Ich gehöre normalerweise nicht zur "Früher-war-alles-besser"-Fraktion in der Lehrerschaft. Aber zu meiner eigenen Schulzeit trottete man nach einer verhängten Strafarbeit und erst recht nach einem Verweis mit gesenktem Kopf nach Hause - um sich selbigen dort ordentlich waschen zu lassen. Und heute? Viele Schüler nehmen ihren Verweis mit einem Grinsen entgegen, in dem Wissen, dass ihre Eltern bedingungslos hinter ihrem Sprössling stehen und es daheim keine Konsequenzen geben wird. Der Verweis hat seine erzieherische Wirkung verloren. Und wir Lehrer damit eine Ordnungsmaßnahme für pädagogische Härtefälle.

Klare Fälle

Es mag Verweise geben, die vorschnell ausgestellt werden, ohne dass vorher auf anderem Wege versucht wurde, das Verhalten eines Kindes zu ändern. Hier mag eine Beschwerde noch ihre Berechtigung haben. Es gibt aber auch Situationen, in denen ein Verweis zwangsläufig und eindeutig gerechtfertigt ist. So dürfte jedem Schüler klar sein, dass auf einer Klassenfahrt striktes Alkoholverbot herrscht. Das wird im Vorfeld zur Genüge thematisiert. Wenn nun Schüler meinen, sie müssten sich ausgerechnet im Bus nach Rom oder einer Pariser Vorort-Herberge ausprobieren und dabei erwischt werden, müssen sie - und ihre Eltern - die Konsequenzen tragen. An meiner Schule bedeutet das: Verweis und Heimfahrt auf eigene Kosten.

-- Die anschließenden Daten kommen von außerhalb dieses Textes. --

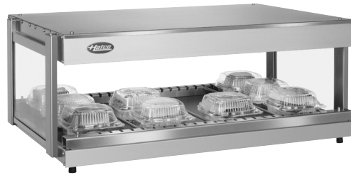
Model GRSDH-36 horizontal single shelf

Equipment On Signage Program Hatcographics.com
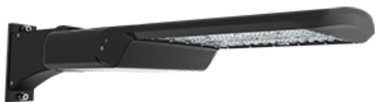
Color: Bronze Weight: 8.8 lbs
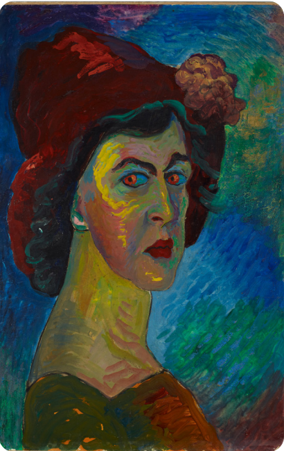
Self-portrait I by Marianne von Werefkin, 1910

Expressionism was a significant art movement that began in Germany around 1905. Artists, called Expressionists, sought to express the mood, feelings and emotions of themselves or their subjects in their artwork rather than showing people, events or objects realistically.
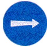
Compulsory Turn Right
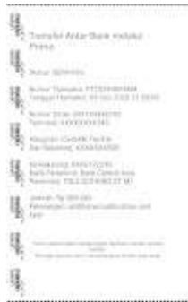
bukti tf biaya tambahan publikasi beei 2020.jpeg 110K
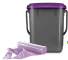
Black caddy with purple lid and single-use purple sacks
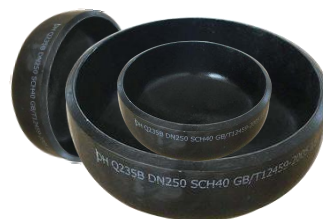
碳钢管帽 C.s pipe cap
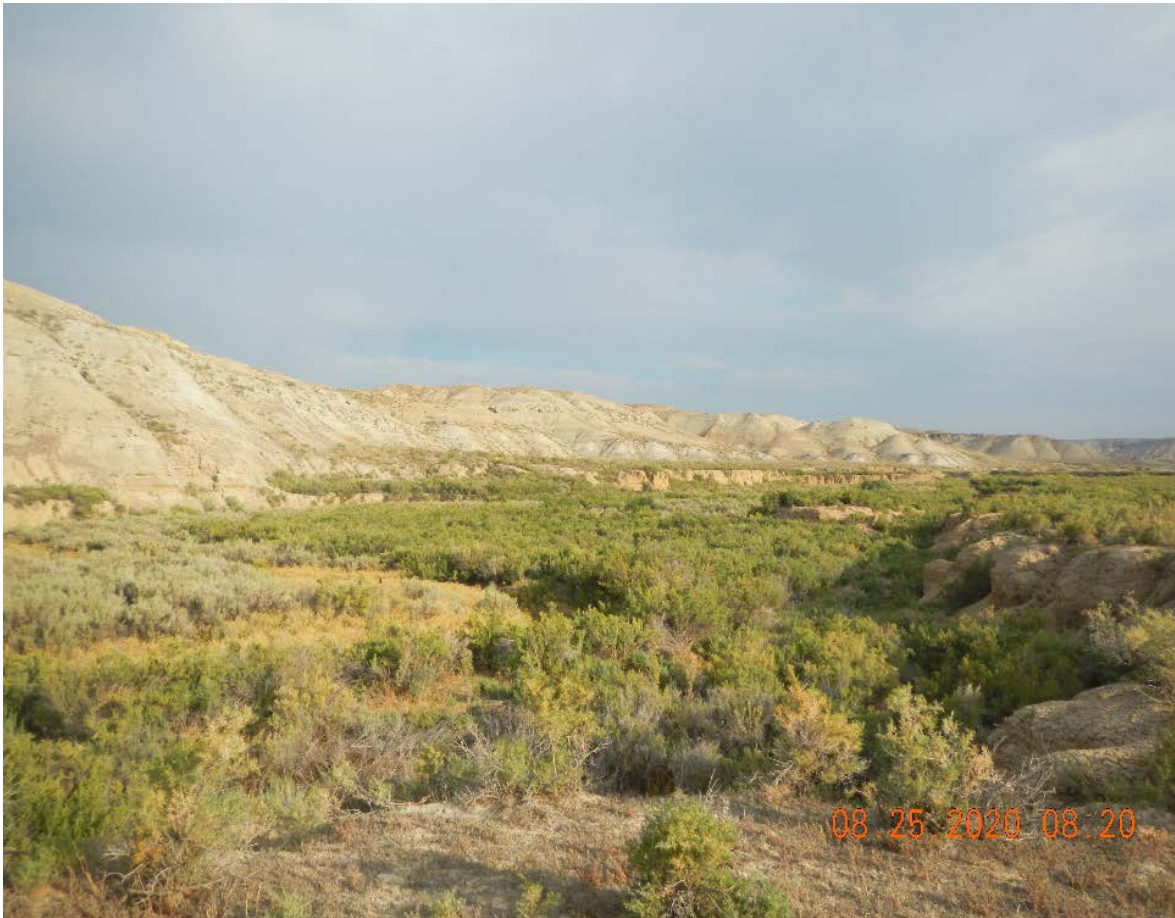
Photo #1. Photo looking north. Overview of Vermillion Creek. Spill impacted the creek channel in center of photo.

Inspection Photos Spill ID 463345 Remediation Project 12865 Inspection Date: 8/26/2020

Im ebenfalls zwangsläufigen Elterngespräch habe ich dann Mütter und Väter vor mir sitzen, die das nicht akzeptieren wollen und argumentieren: "Teenager müssen ihre Erfahrungen machen! Waren Sie nie jung?" Dafür fehlt mir jegliches Verständnis. Mag ja sein, dass Jugendliche mal einen über den Durst trinken müssen, um zu lernen, was das richtige Maß ist. Aber sie sollen das bitteschön daheim tun und ihren Eltern die Wohnung, Entschuldigung, vollkotzen. Und Mama und Papa dürfen die lieben Kleinen auch gerne mit Alkoholvergiftung ins Krankenhaus chauffieren.

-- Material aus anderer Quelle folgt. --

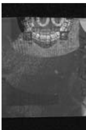
Fig. 7. 100 €, 5-day old.
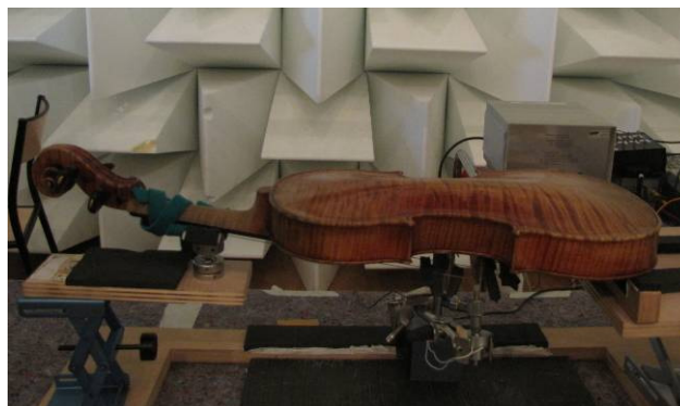
Figure 3 : Positioning of the violin for the back response measurement

soundboard [4]. The strings were muffled to not disturb the acoustic pressure field measured. For the same reason and to muffle the vibration of the back the violon was simply supported on a foam cradle (figure 2). To record the back response the violins were placed horizontally on three carved low-density open-cell foam blocks at the neck joint and the endblock (figure 3).
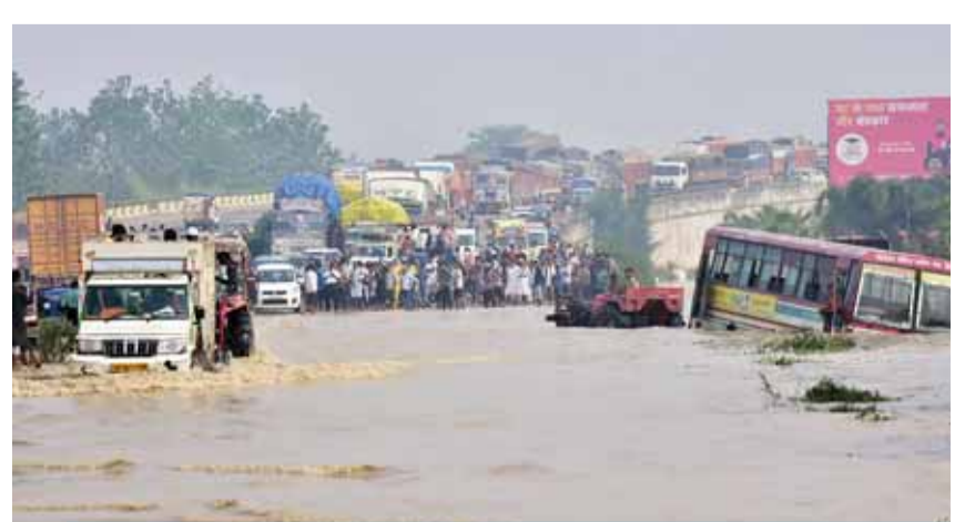
RAMPUR, India: Commuters stand on a flyover on a flooded national highway after the river Kosi overflowed following heavy rains in Uttar Pradesh state yesterday.
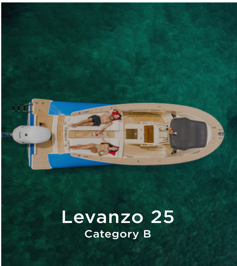
Levanzo 25 Category B
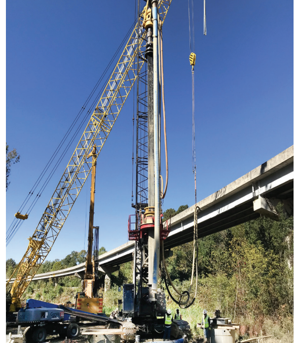
Left: Thirty-inch force main pipe fitting with a 45-degree bend. This is being installed in the area between eastbound I-126 and Saluda River. This is part of City of Columbia's sewer line relocation to allow construction of Phase 1. Right: Drilled shaft work is underway to lay the foundations for a new bridge at the Colonial Life Boulevard Interchange at I-126.
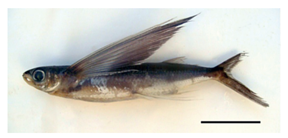
Fig. 2. Cheilopogon heterurus caught off Ras Jebel (Ref. FSB-Che-het-01), scale bar = 90mm.

Ich als Lehrerin brauche das nicht. Zumal es für mich dienstrechtliche Konsequenzen haben kann, wenn einem volltrunkenen Jugendlichen auf Klassenfahrt etwas geschieht. Und die Eltern sind dann garantiert die Ersten, die mir eine "Verletzung der Aufsichtspflicht" vorwerfen. Gleiches gilt im Zweifelsfall für Schäferstündchen im Schullandheim-Stockbett. Im Übrigen drohen mir hier sogar finanzielle Forderungen - und ich habe wenig Lust, 18 Jahre oder länger Alimente für ein Klassenfahrtsbaby zu bezahlen.

Eltern als Anwälte ihres Nachwuchses

Absprachen werden nicht umsonst getroffen, sie haben ihren Sinn. Und bei vielen Verweisen ist es so, dass die Schüler ganz genau wussten, welche Regel sie mit ihrem Tun verletzten und welche Konsequenzen ihnen dafür drohen. Aber ein Unrechtsbewusstsein auf Schülerseite nützt wenig, wenn zu Hause Mama und Papa einen schulischen Justizirrtum wittern und sich zum Anwalt ihres Nachwuchses aufschwingen.

Deshalb mein Appell an alle Eltern: Lassen Sie uns gemeinsam erzieherisch wirken! Wir können gerne auch mal ein Auge zudrücken - ich war schließlich selbst mal jung. Aber bei einem klaren Regelverstoß, der schwerwiegende Konsequenzen haben kann, muss ich einen Verweis aussprechen dürfen. Und sie müssen ihn anerkennen.